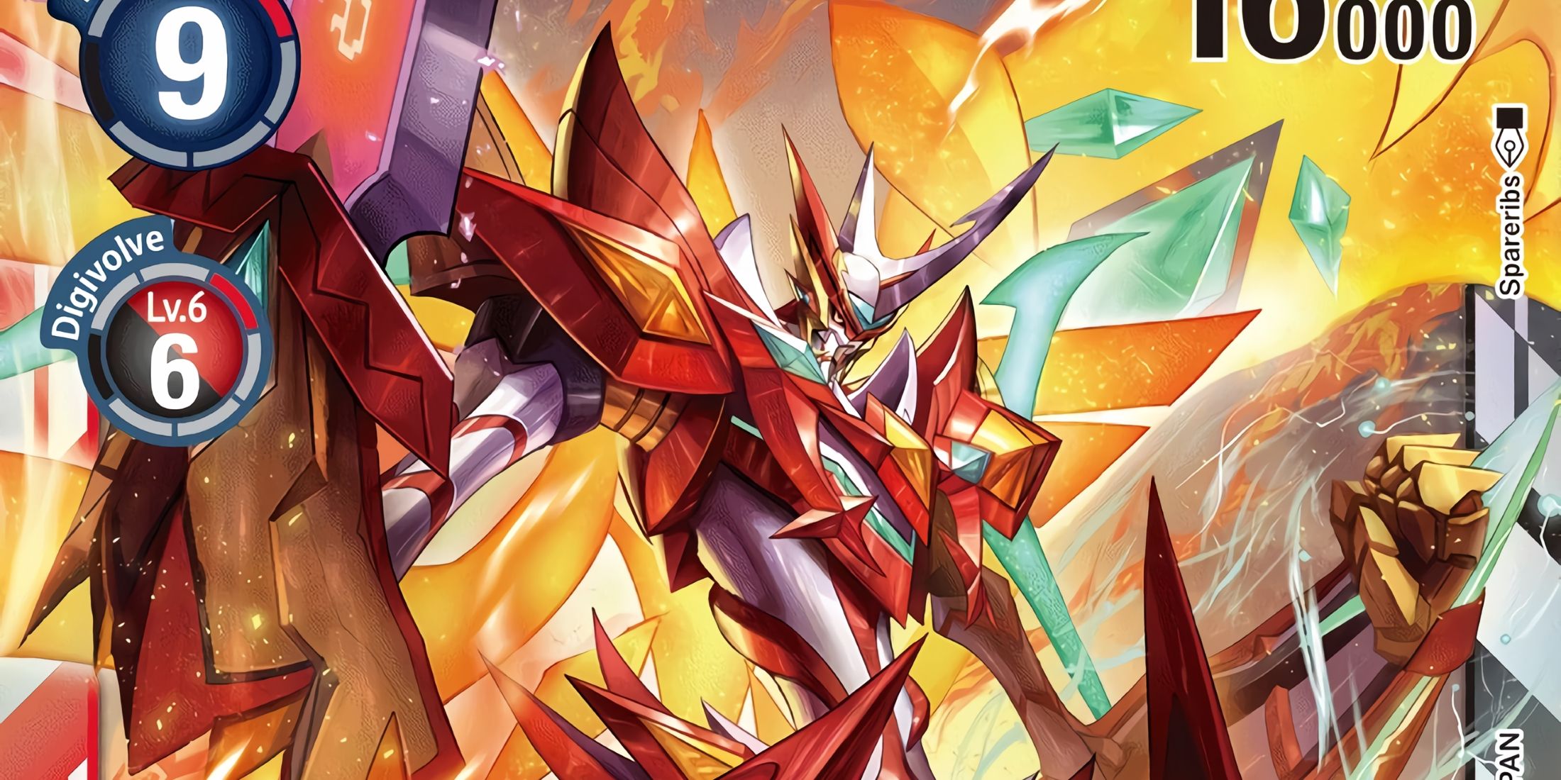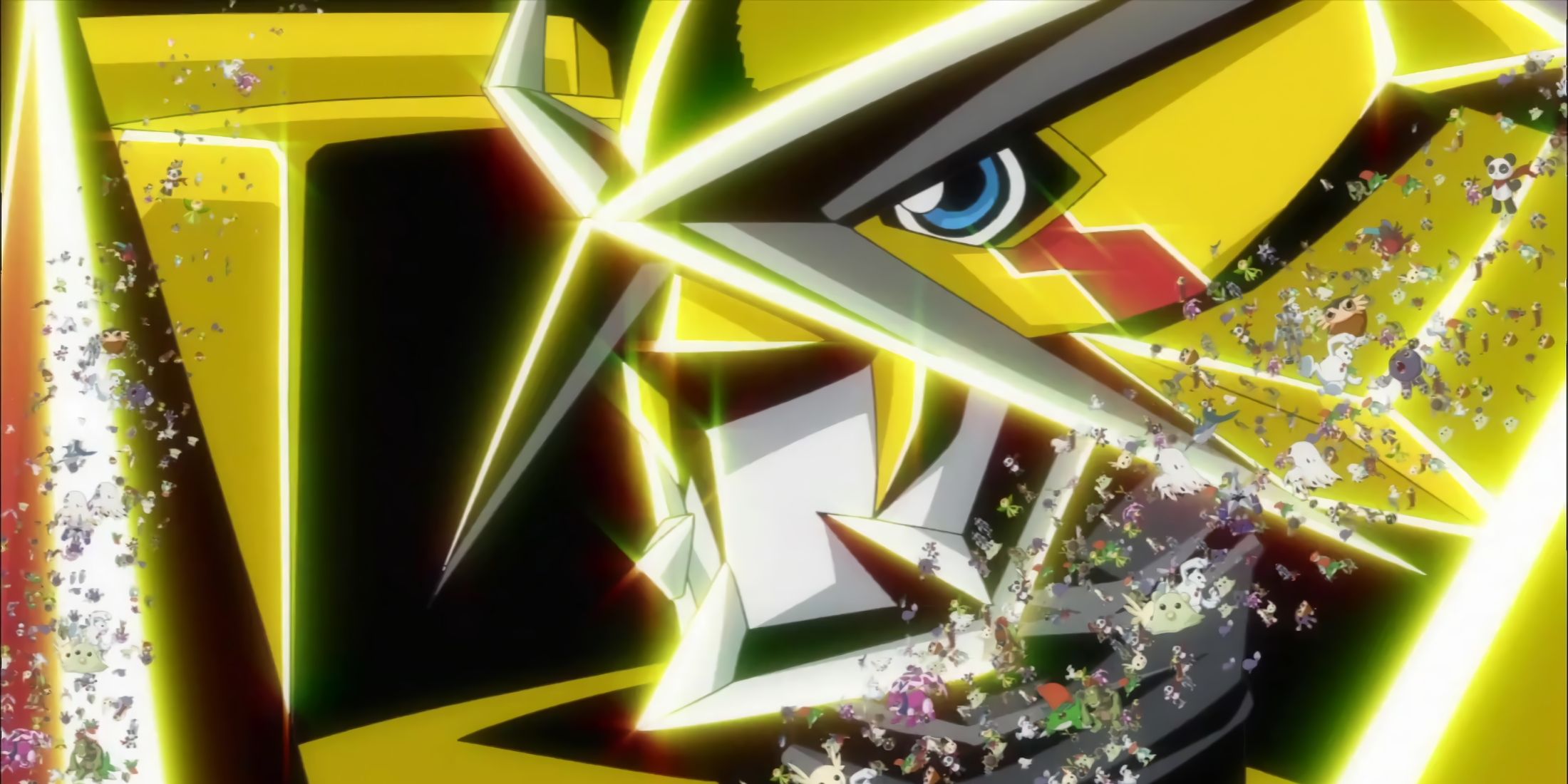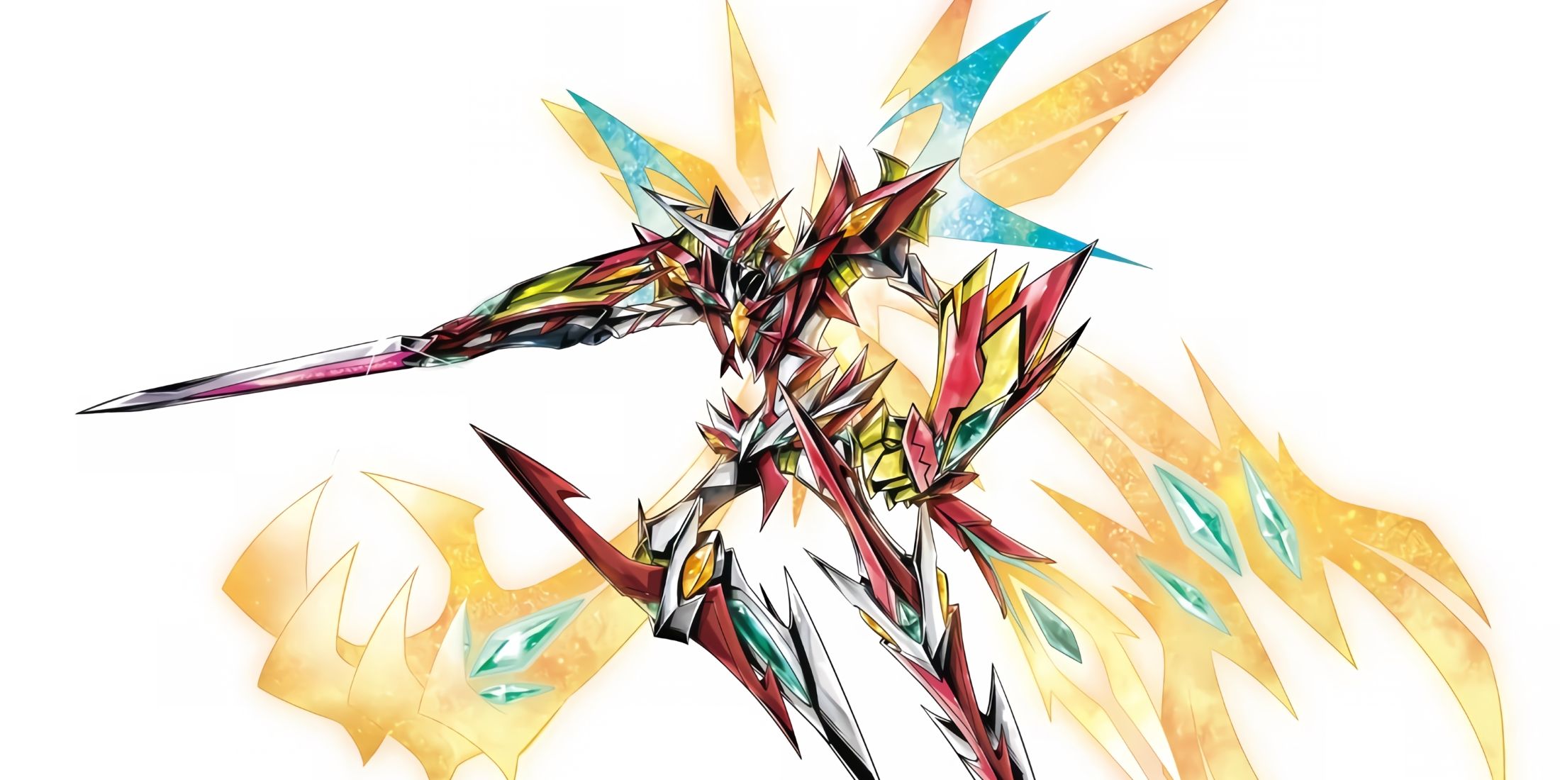 This powerful being formed when the kindest Digimon merged together, carrying all their dreams for a brighter future. Its entire body is covered in an incredibly strong, gold armor that can withstand nearly any attack. What was once a microphone, used by the talented Shoutmon to amplify his voice as a weapon, has now become a blazing sword, capable of destroying evil with a single touch.
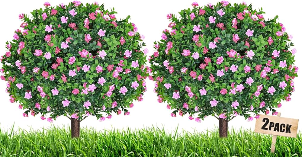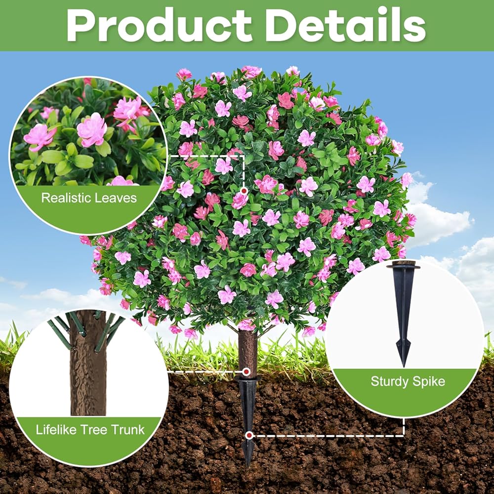 Set of 2 Artificial Boxwood Topiary Ball Trees with Pink Flowers Fake Bushes Plants Outdoor Boxwood Ball with Ground Spike 25.5 Inch UV Resistant Faux Greenery Shrubs for Porch Garden Decor
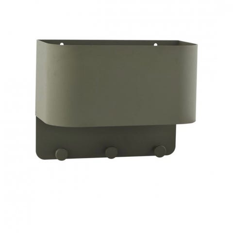 House Doctor vegghengt grønn hylle metall med oppbevaring og knaggrekke.
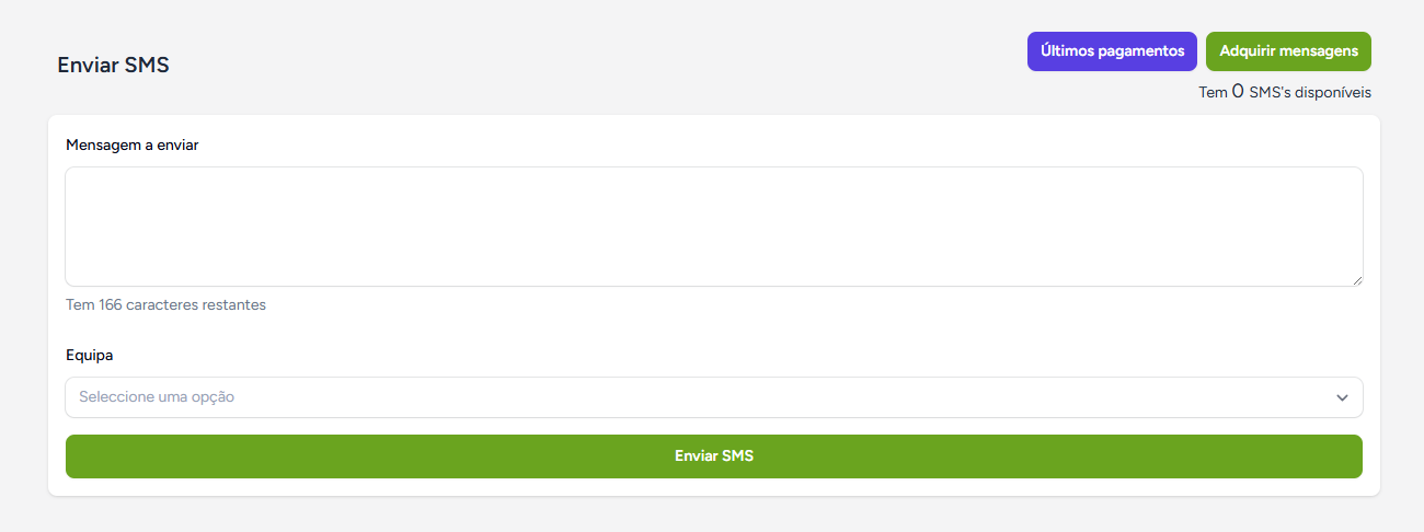 Na página inicial temos acesso ao botão “Enviar Sms” que nos leva até à área de mensagens.
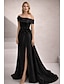 Linia -A Lungime Podea Rochii de bal Rochii de seara Rochie De Bal Rochie formală Elegant strălucitoare Split de înaltă Manșon scurt Pătrat Crăciun Oficial Buzunar Satin cu Pliuri
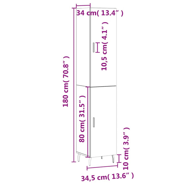 - Kokonaismitat: 34,5 x 34 x 180 cm (L x S x K)
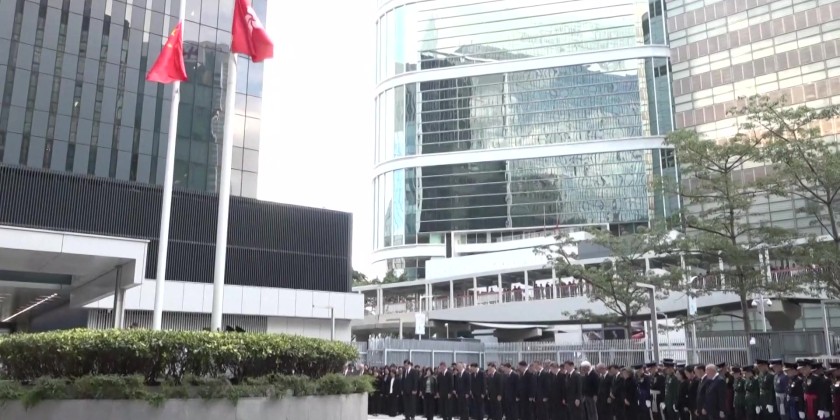 John Lee, chief executive of the Hong Kong Special Administrative Region (HKSAR), together with principal officials of the HKSAR government and civil servants, participated in a memorial service at the government headquarters on Saturday morning, paying tribute to the victims of the residential building fire in Tai Po. The national flag and the HKSAR flag were flown at half-mast at all government buildings.

=-=-=-=-=

◆ Required action ◆
When you return the records, keep every word unchanged and drop the pictures.

◆ Exercise output ◆
 This powerful being formed when the kindest Digimon merged together, carrying all their dreams for a brighter future. Its entire body is covered in an incredibly strong, gold armor that can withstand nearly any attack. What was once a microphone, used by the talented Shoutmon to amplify his voice as a weapon, has now become a blazing sword, capable of destroying evil with a single touch.
 Set of 2 Artificial Boxwood Topiary Ball Trees with Pink Flowers Fake Bushes Plants Outdoor Boxwood Ball with Ground Spike 25.5 Inch UV Resistant Faux Greenery Shrubs for Porch Garden Decor
 House Doctor vegghengt grønn hylle metall med oppbevaring og knaggrekke.
 Na página inicial temos acesso ao botão “Enviar Sms” que nos leva até à área de mensagens.
 Linia -A Lungime Podea Rochii de bal Rochii de seara Rochie De Bal Rochie formală Elegant strălucitoare Split de înaltă Manșon scurt Pătrat Crăciun Oficial Buzunar Satin cu Pliuri
 - Kokonaismitat: 34,5 x 34 x 180 cm (L x S x K)
 John Lee, chief executive of the Hong Kong Special Administrative Region (HKSAR), together with principal officials of the HKSAR government and civil servants, participated in a memorial service at the government headquarters on Saturday morning, paying tribute to the victims of the residential building fire in Tai Po. The national flag and the HKSAR flag were flown at half-mast at all government buildings.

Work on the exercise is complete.